> **INSTRUCTIONS FOR THE TASK**:
An exact transcription is needed of the lines below from the one with "Atlantic Shores' proposed" through the one with "Modello beatles con", with no other lines and no pictures.

> **GIVEN ENTRIES**:
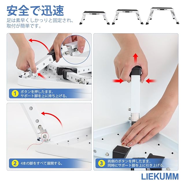 伸縮のデザイン: 当社の踏み台の脚立はスチール製で、もっと頑丈で耐用です。サポート脚にボタンが付き、例のボタンを押したままに脚を引っ張って高さを調整できます。
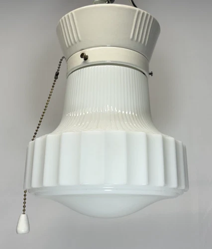 Vtg Ceiling Light Fixture Porcelain Closet Pantry Switch Art Glass Shade #L56
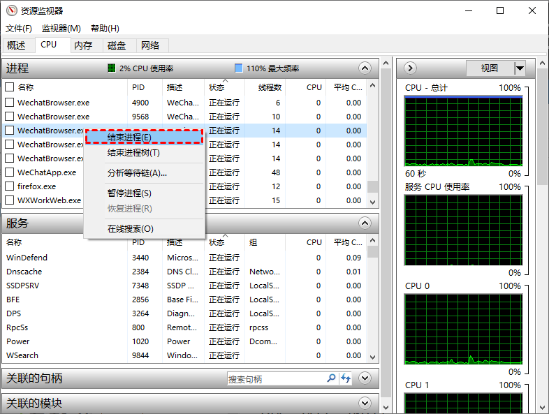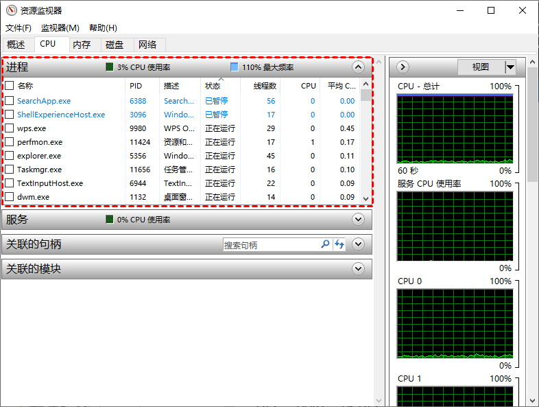 4.進入資源監視器后,點擊CPU選項(xiang),就可以看(kan)到現在正在運(yun)行(xing)的程序了。
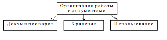 Рис. 2.1.1. Функции документов Обеспечение документирования - это лишь одна составляющая делопроизводства, вторая его составляющая - это организация работы с документами. Организация работы с документами предполагает организацию документооборота учреждения, хранение документов и их использование в текущей деятельности учреждения.
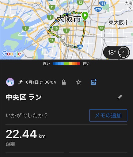 駅名看板補足方法を変更(5mまでは近づいてない)して、新たなルートを作成。机上の空論では22.85km。大阪城公園からスタートして、一度も走ったことのない反時計周りで検証。GPSのズレを考慮して23km前後だろうと予測していたが‥
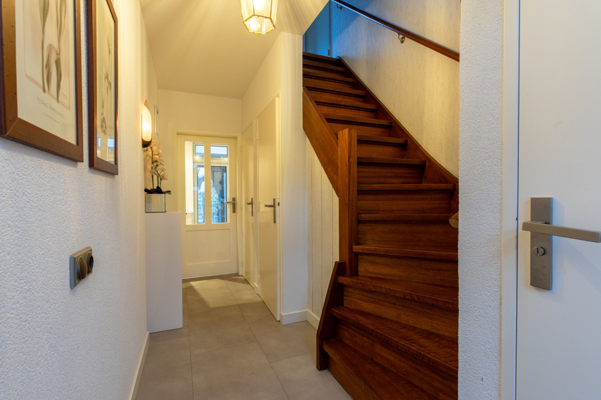 Middels hardhouten trap toegang tot de overloop met doorlopende laminaatvloer.
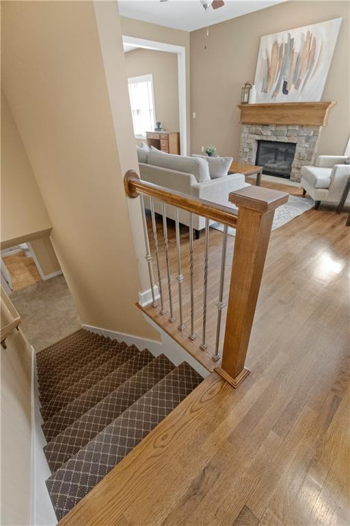 Super clean and ready for a quick occupancy, this coveted Tom French Lexington plan is a south side end unit w/ first floor primary suite & laundry room*sunny living room w stone fireplace opens to kitchen w/breakfast area, granite counters, wood floors & walk-in pantry*kitchen offers direct access to screened porch which backs east and makes for perfect sunshine mornings and shaded afternoons* LL w 2 bedrooms, full bath, media/bonus room and plenty of storage. All baths & laundry w tile floors. Showers have tile surrounds. Room sizes, sq. footage, HOA fees and taxes may be approximate, please verify.
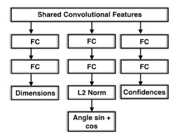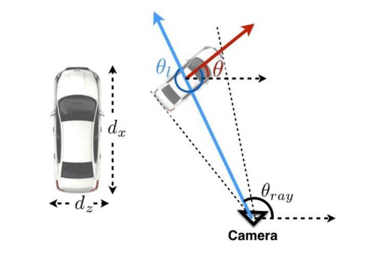 图3. (a):车辆方位角θ的俯视图。方位角是车辆绕y轴的旋转角(车辆高度dy),对于摄像机来说车辆在图像成像看到的是局部的转角θl,若θray为车辆相对于与摄像机的旋转角度,则θ=θl+θray。我们回归的角度是局部转角θl。图(b): 用于角度回归的网络设计。
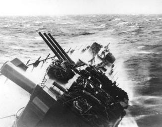 Keywords: USS Santa Fe (CL-60) during Typhoon Cobra, December 1944.jpg USS Santa Fe CL-60 rolling about 35 degrees to starboard as she rides out a typhoon encountered in the South China Sea probably on 18-19 December 1944 Note that her forward 6 47 gun turret is trained to one side to avoid shipping water through its gun ports The photograph was released for publication on 26 July 1945 http //www history navy mil/photos/images/g700000/g700024 jpg Naval Historical Center cropped 1944-12 All information on this site is in the public domain and may be distributed or copied unless otherwise specified Use of appropriate byline/photo/image credits is requested PD-USGov-Military-Navy USS Santa Fe CL-60 Typhoon Cobra 1944 Ships in heavy seas |
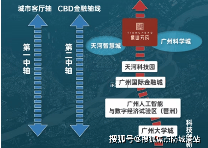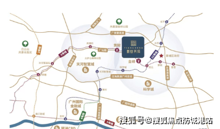 振业天成位于广州第三发展中轴线 “科技创新轴”,地处天河智慧城和黄埔科学城双城交汇之地,同时落址广汕路中芯位置,集生态、商务、居住功能于一体,发展前景堪比黄埔大道。天河智慧城作为广州时隔 32 年成立的第二个高新区,定位为 “广州硅谷”,投资力度是珠江新城的 4 倍,已有 2500 家企业进驻,如网易总部、酷狗等科创龙头企业,致力于 2025 年建设成为全市创新型企业孵化培育高地。广州科学城则是广深科技创新走廊重要 “创新极”,战略性新兴产业产值占全市 50% 以上(规模以上),高技术产业产值占全市 72.6%,科技创新能力稳居全国经开区第一,目标是打造具有国际影响力的 “中国智造中心”。此外,广汕路连通天河、黄埔两大百强区,是广州未来十年规划发展的重点,东西两段分别串联多个优质区域,将成为广州未来发展新引擎。
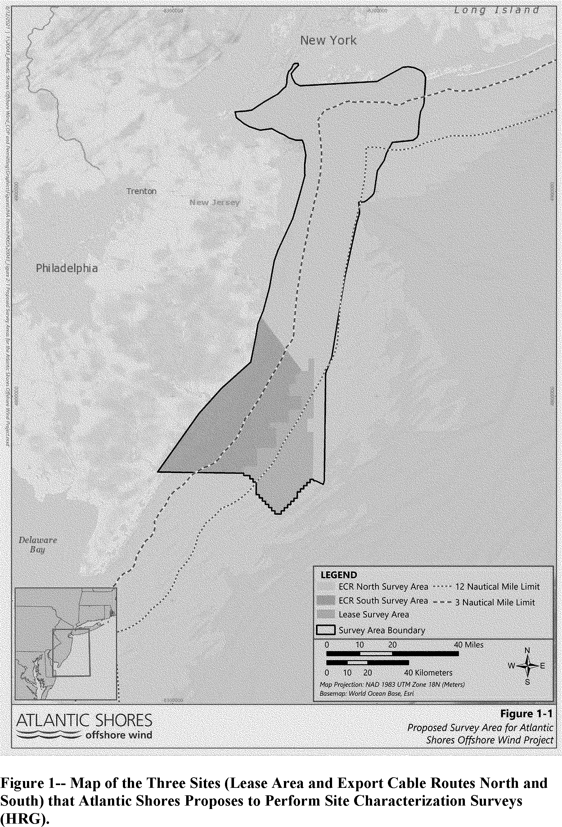 Atlantic Shores' proposed marine site characterization surveys include HRG and geotechnical survey activities. These survey activities would occur within the both the Lease Area and within ECRs between the Lease Area and the coasts of New York and New Jersey. The Lease Area is approximately 5,867.97 km2
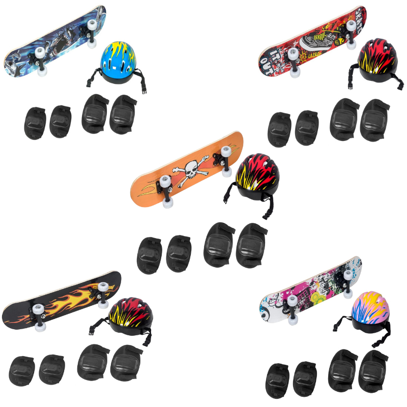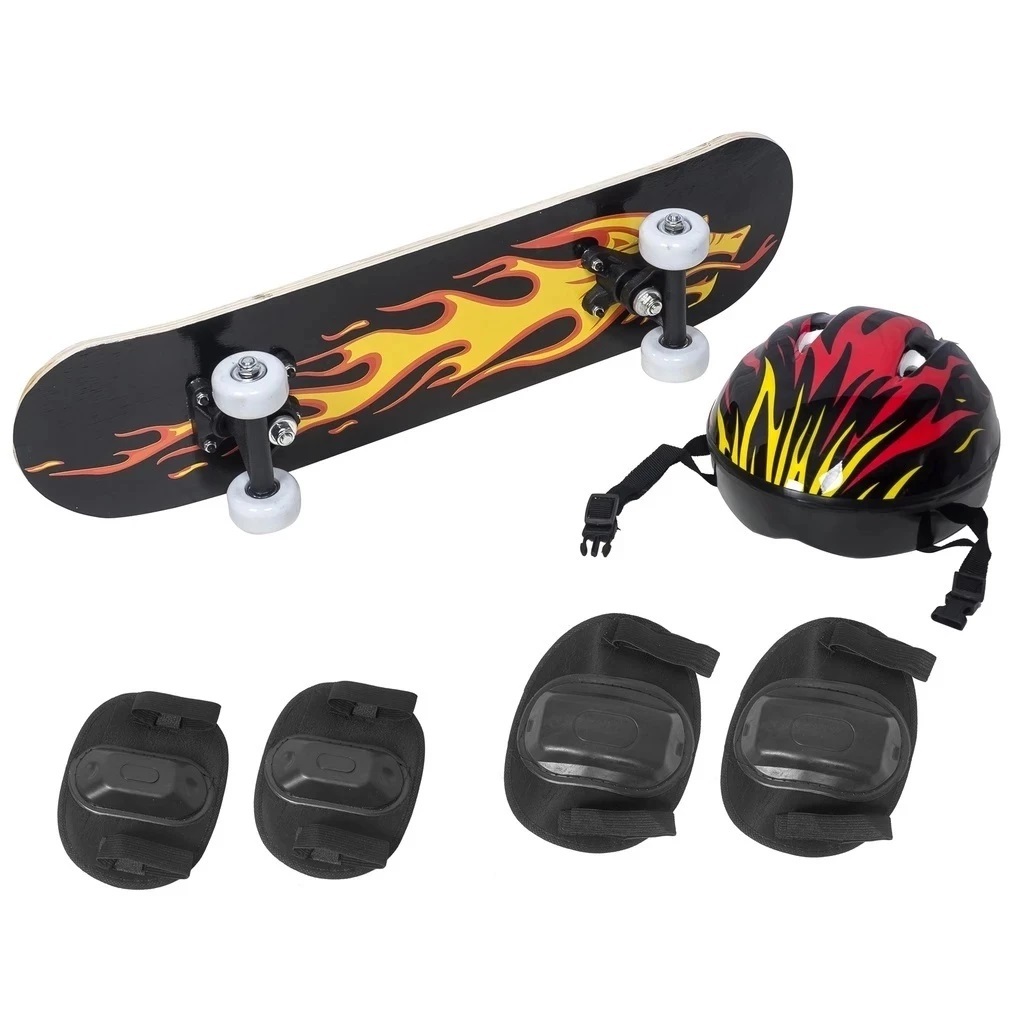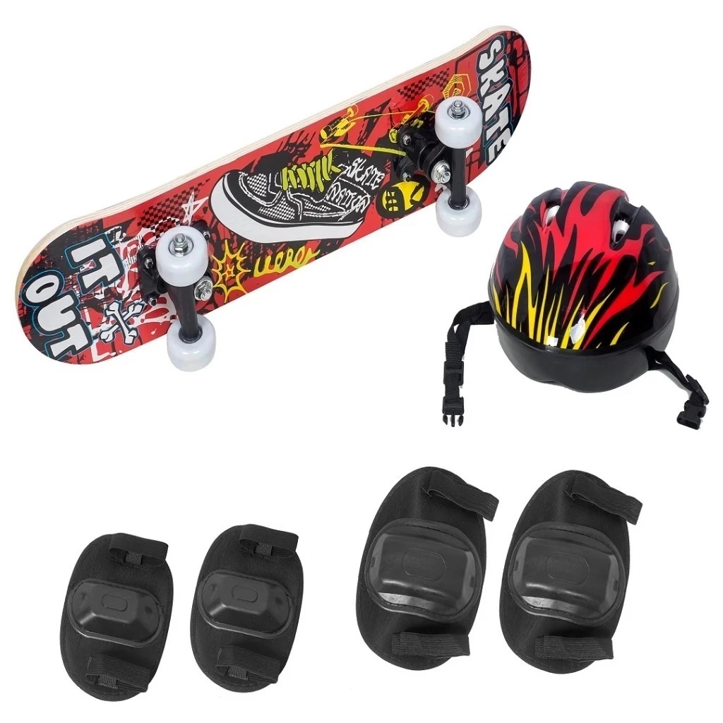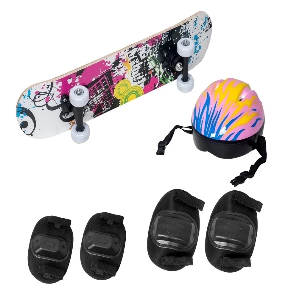 Skate Infantil Semi Profissional C/ Kit Proteção Shape Lixa Estampado Suporta até 50kg Menino/Menina
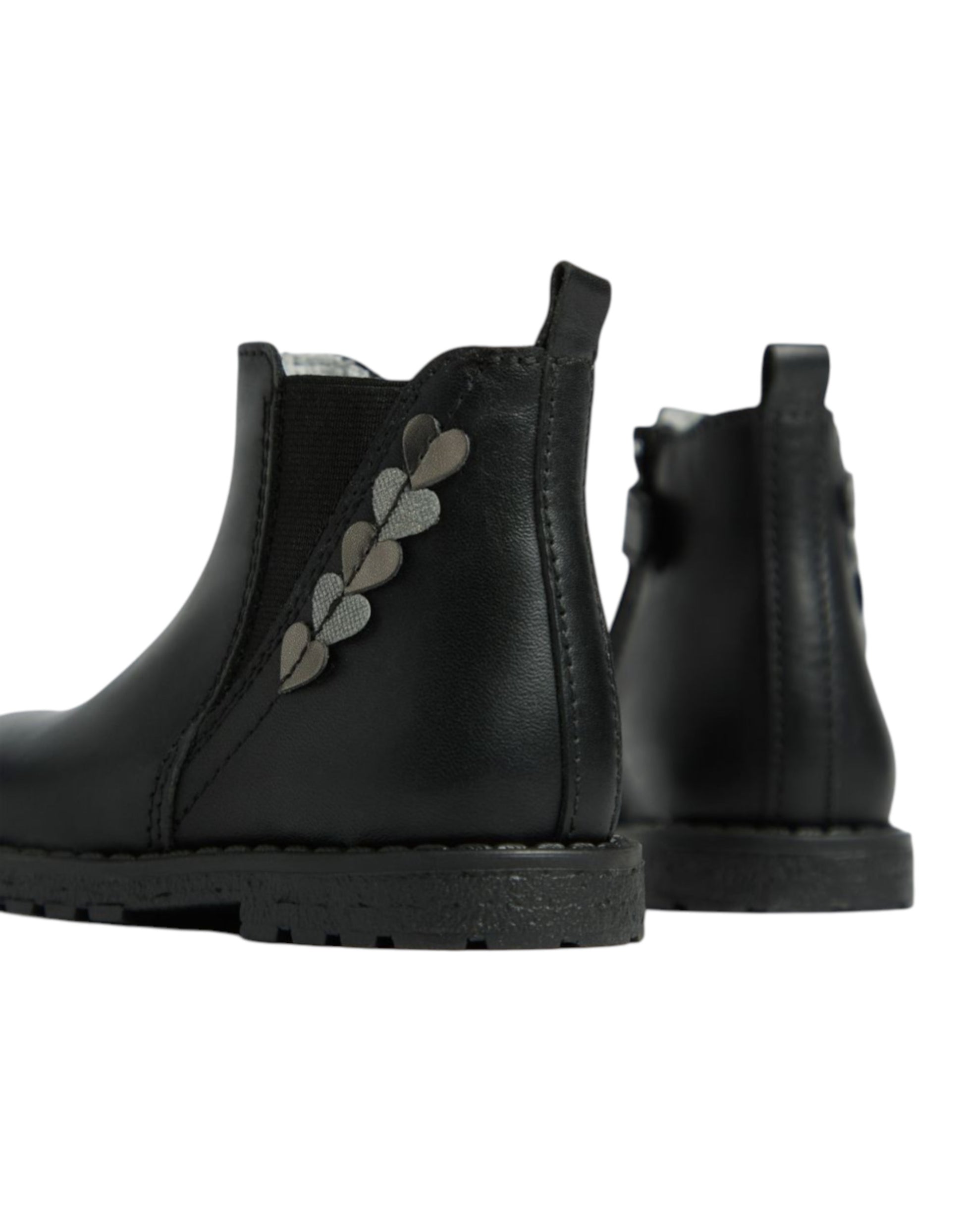 Modello beatles con elastico in tinta, cuoricini decorativi e zip laterale.
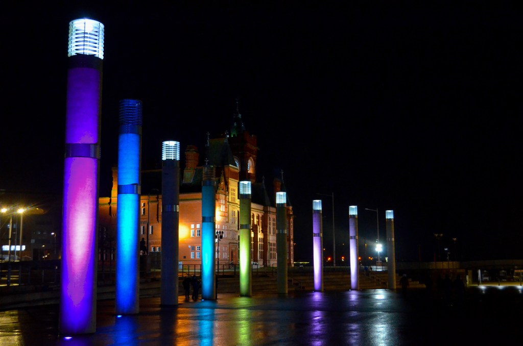 Die Cardiff Bay ist die Bucht etwas außerhalb des Stadtzentrums, an der die bekanntesten Sehenswürdigkeiten von Cardiff liegen. Dazu gehört das Wales Millennium Centre, das Theater und Konzerthalle zugleich ist. Auf dem Vorplatz vom Peer Head leuchten die bunten Säulen. Das rote Peer Head selbst ist womöglich das bekannteste Motiv in Cardiff. Neben ihm reiht sich direkt der Welsh Senedd, das walisische Parlament an. Ich finde wie so oft in Städten, dass die Gebäude bei Nacht beleuchtet viel besser wirken als tagsüber!
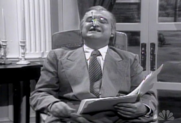 Meanwhile, in a long forgotten sketch in the third show of the fifth season titled "The Continuing Correspondence of Eleanor Roosevelt" -- which had to do with Eleanor Roosevelt's outstanding grocery store bill (even in the heyday of SNL, they weren't all winners, folks) -- Murray was once again passed over for FDR, this time by featured player Harry Shearer.
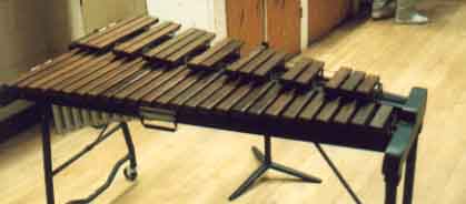 glockenspiel typically used by marching bands is the same instrument but has two fewer notes on the bottom and three fewer on the top; mounted in a lyre-type frame. |

> **REPLY TO THE TASK**:
 Atlantic Shores' proposed marine site characterization surveys include HRG and geotechnical survey activities. These survey activities would occur within the both the Lease Area and within ECRs between the Lease Area and the coasts of New York and New Jersey. The Lease Area is approximately 5,867.97 km2
 Skate Infantil Semi Profissional C/ Kit Proteção Shape Lixa Estampado Suporta até 50kg Menino/Menina
 Modello beatles con elastico in tinta, cuoricini decorativi e zip laterale.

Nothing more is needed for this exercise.